The tolerant transgenic lines (1 and 2), which were confirmed by seed germination tests, were further examined to determine the effect of BM herbicide on the overexpressed mutant OsmAHAS gene in transgenic plants via color tests. Transgenic lines 1 and 2 developed a light red color due to the accumulation of acetoin resulting from the enzymatic action of mutant OsmAHAS proteins in the presence of 0.1 µM BM. The color of the wt (−) control reaction was dark red because of the uninhibited accumulation of high acetoin due to the lack of BM. However, the color of the wt (+) control reaction remained yellowish due to the presence of the inhibitor BM and the absence of mutant OsmAHAS. The native OsAHAS protein is unable to produce acetolactate due to the inhibitory action of BM, thus leading to no acetoin formation and the color of the reaction remained yellow (Fig. SI2A). The results showed active expression of the mutant OsmAHAS gene.

Confirmation of transgenic lines tolerance to phosphinothricin herbicide

Chlorophenol red is a color indicator dye that appears red at pH 6 and turns yellow with a decrease in pH. To validate the activity of the bar gene in transgenic plants, seeds from the wt control and transgenic groups were germinated on half strength MS media supplemented with 30 mg/L phosphinothricin herbicide. We observed a gradual change in media color from red to yellow after 10 days of seed inoculation in all transgenic lines, indicating active expression and function of the bar gene. The bar protein detoxified phosphinothricin rapidly which resulted in healthy growth of all transgenic plants (Fig. 5A–D); this result was comparable to that of the wt (−) controls.
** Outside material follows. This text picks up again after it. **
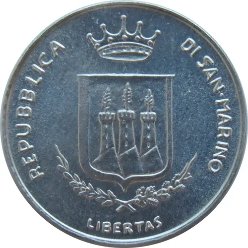 | Description de l’avers | Crowned arms of San Marino, sprig and motto below |

On the other hand, the wt (+) control plants were unable to detoxify phosphinothricin due to the absence of the bar, and consequently the media color remained unchanged (Fig. 5A,B). Unlike BM and BS herbicide, phosphinothricin has equal effects on both root and shoot growth (Fig. 5E). The root and shoot development was severely arrested in wt (+) plants while the transgenic plants showed normal growth.

Figure 5
Figure 5

Effects of phosphinothricin on transgenic plants at the seed germination stage. (A) Effect of 30 mg/L of phosphinothricin herbicide on the growth of transgenic and wt plants. All the transgenic plants survived in phosphinothricin and changed the color of the media from deep red to yellow; however, the wt (+) plants could not grow much and the color of media remained the same. (B) Stunted growth of wild-type plants in the presence of phosphinothricin. (C) Effects of phosphinothricin on the shoot growth of wt and transgenic plants. (D) Figure showing variation in the media color by wt and transgenic line. (E) Graphical representation of root-shoot length ratios of transgenic and wt plants in the presence of phosphinothricin herbicide.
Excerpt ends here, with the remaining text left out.